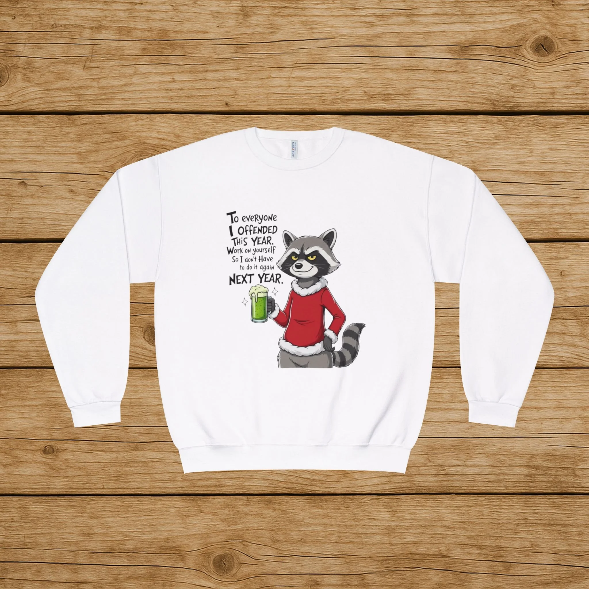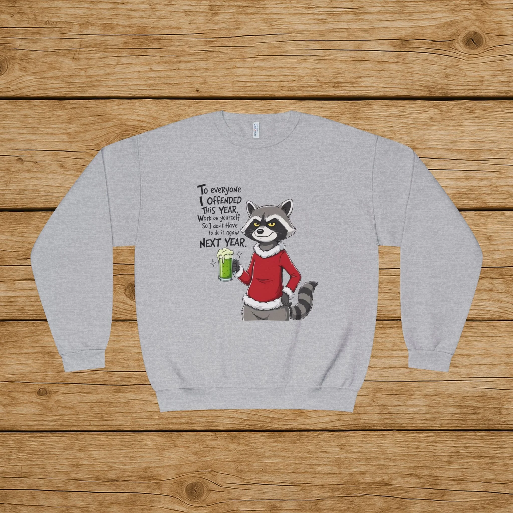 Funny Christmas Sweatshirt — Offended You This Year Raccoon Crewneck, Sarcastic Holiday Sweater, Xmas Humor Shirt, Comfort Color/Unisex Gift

○ ○ ○ ○ ○

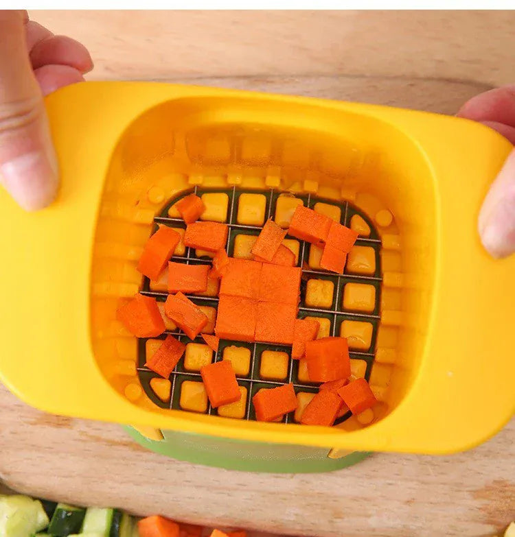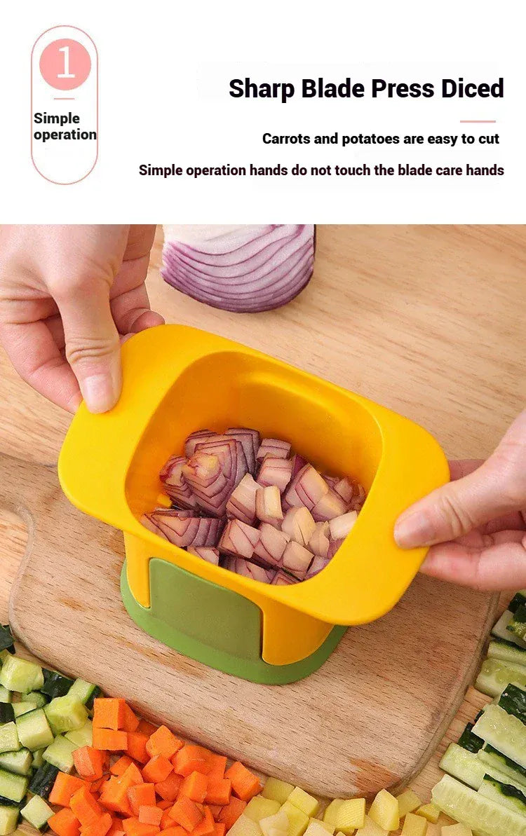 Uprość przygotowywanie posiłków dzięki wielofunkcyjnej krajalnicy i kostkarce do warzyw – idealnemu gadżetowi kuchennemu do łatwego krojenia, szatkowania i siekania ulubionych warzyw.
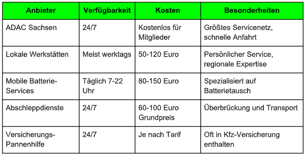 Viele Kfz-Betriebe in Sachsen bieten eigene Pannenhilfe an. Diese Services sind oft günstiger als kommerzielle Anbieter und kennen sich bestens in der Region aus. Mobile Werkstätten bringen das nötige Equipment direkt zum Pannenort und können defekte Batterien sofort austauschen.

○ ○ ○ ○ ○

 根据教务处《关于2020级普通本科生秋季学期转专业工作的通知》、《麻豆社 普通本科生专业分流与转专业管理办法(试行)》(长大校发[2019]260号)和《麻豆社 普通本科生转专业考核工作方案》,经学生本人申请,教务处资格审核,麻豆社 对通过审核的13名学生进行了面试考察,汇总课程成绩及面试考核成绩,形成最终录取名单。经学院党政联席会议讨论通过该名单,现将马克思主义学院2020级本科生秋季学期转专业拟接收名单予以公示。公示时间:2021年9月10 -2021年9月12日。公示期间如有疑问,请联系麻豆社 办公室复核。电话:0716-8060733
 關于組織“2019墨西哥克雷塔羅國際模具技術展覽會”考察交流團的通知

○ ○ ○ ○ ○

* _REQUIRED ACTION_
Excluding any pictures, print exactly the lines of the listing above from the line with "Uprość przygotowywanie posiłków" to the line with "Viele Kfz-Betriebe in", both ends included.

* _RESULT FOR THIS EXERCISE_
 Uprość przygotowywanie posiłków dzięki wielofunkcyjnej krajalnicy i kostkarce do warzyw – idealnemu gadżetowi kuchennemu do łatwego krojenia, szatkowania i siekania ulubionych warzyw.
 Viele Kfz-Betriebe in Sachsen bieten eigene Pannenhilfe an. Diese Services sind oft günstiger als kommerzielle Anbieter und kennen sich bestens in der Region aus. Mobile Werkstätten bringen das nötige Equipment direkt zum Pannenort und können defekte Batterien sofort austauschen.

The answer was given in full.